### MATERIAL PROVIDED

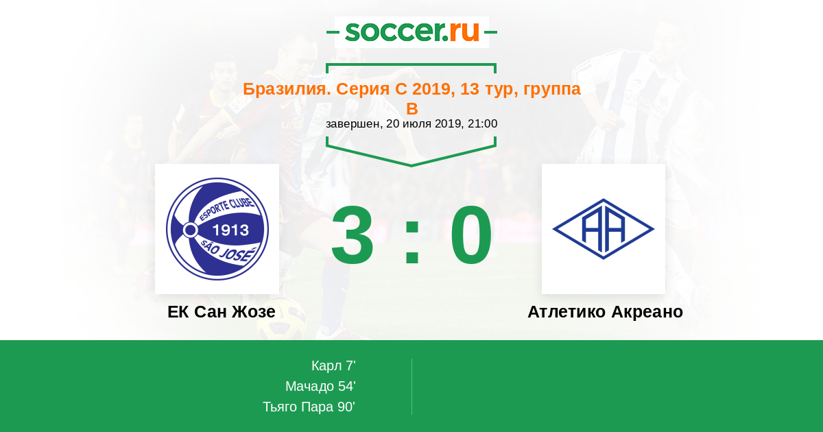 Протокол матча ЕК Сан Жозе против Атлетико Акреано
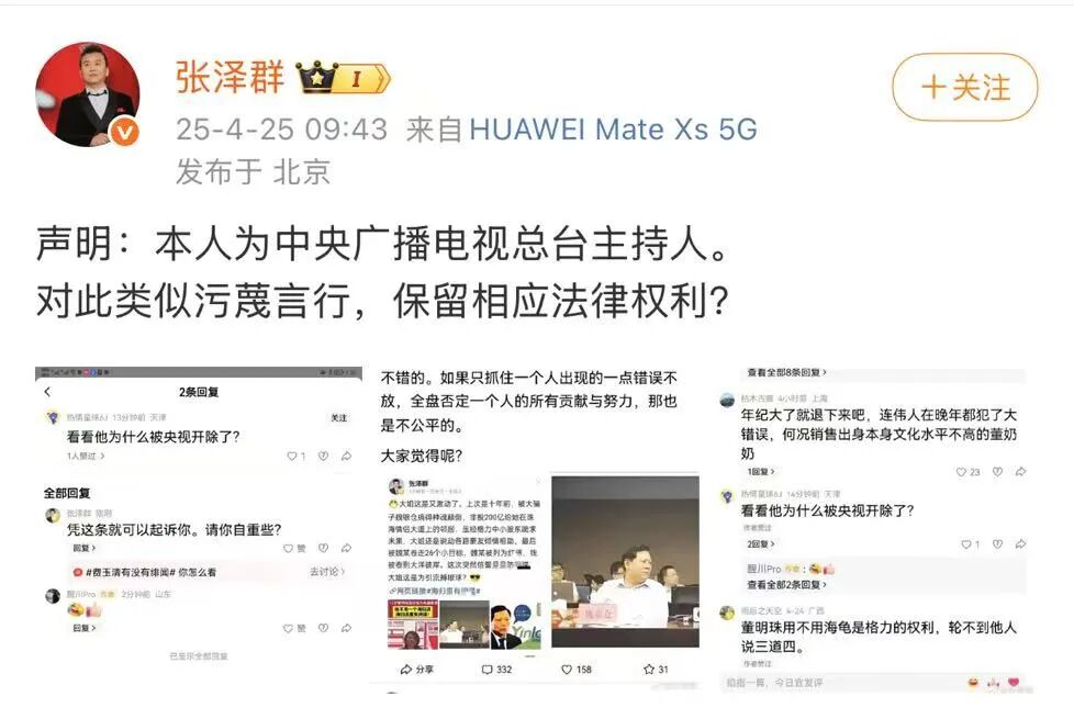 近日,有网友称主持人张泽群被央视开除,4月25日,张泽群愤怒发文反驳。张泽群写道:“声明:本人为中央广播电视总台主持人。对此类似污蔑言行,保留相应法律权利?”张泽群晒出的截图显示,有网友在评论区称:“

######
### MATERIAL PROVIDED

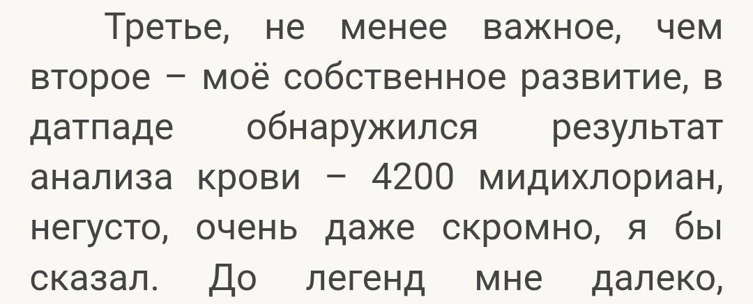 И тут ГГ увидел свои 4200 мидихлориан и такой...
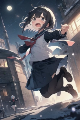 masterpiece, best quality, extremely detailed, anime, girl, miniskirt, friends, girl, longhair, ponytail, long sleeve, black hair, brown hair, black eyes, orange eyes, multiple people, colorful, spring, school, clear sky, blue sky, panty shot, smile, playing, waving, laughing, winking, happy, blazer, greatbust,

######

EXERCISE DIRECTIONS
With the pictures left out, write out exactly the lines above from the one containing "Протокол матча ЕК" through the one containing "近日,有网友称主持人张泽群被".

EXERCISE OUTPUT
 Протокол матча ЕК Сан Жозе против Атлетико Акреано
 近日,有网友称主持人张泽群被央视开除,4月25日,张泽群愤怒发文反驳。张泽群写道:“声明:本人为中央广播电视总台主持人。对此类似污蔑言行,保留相应法律权利?”张泽群晒出的截图显示,有网友在评论区称:“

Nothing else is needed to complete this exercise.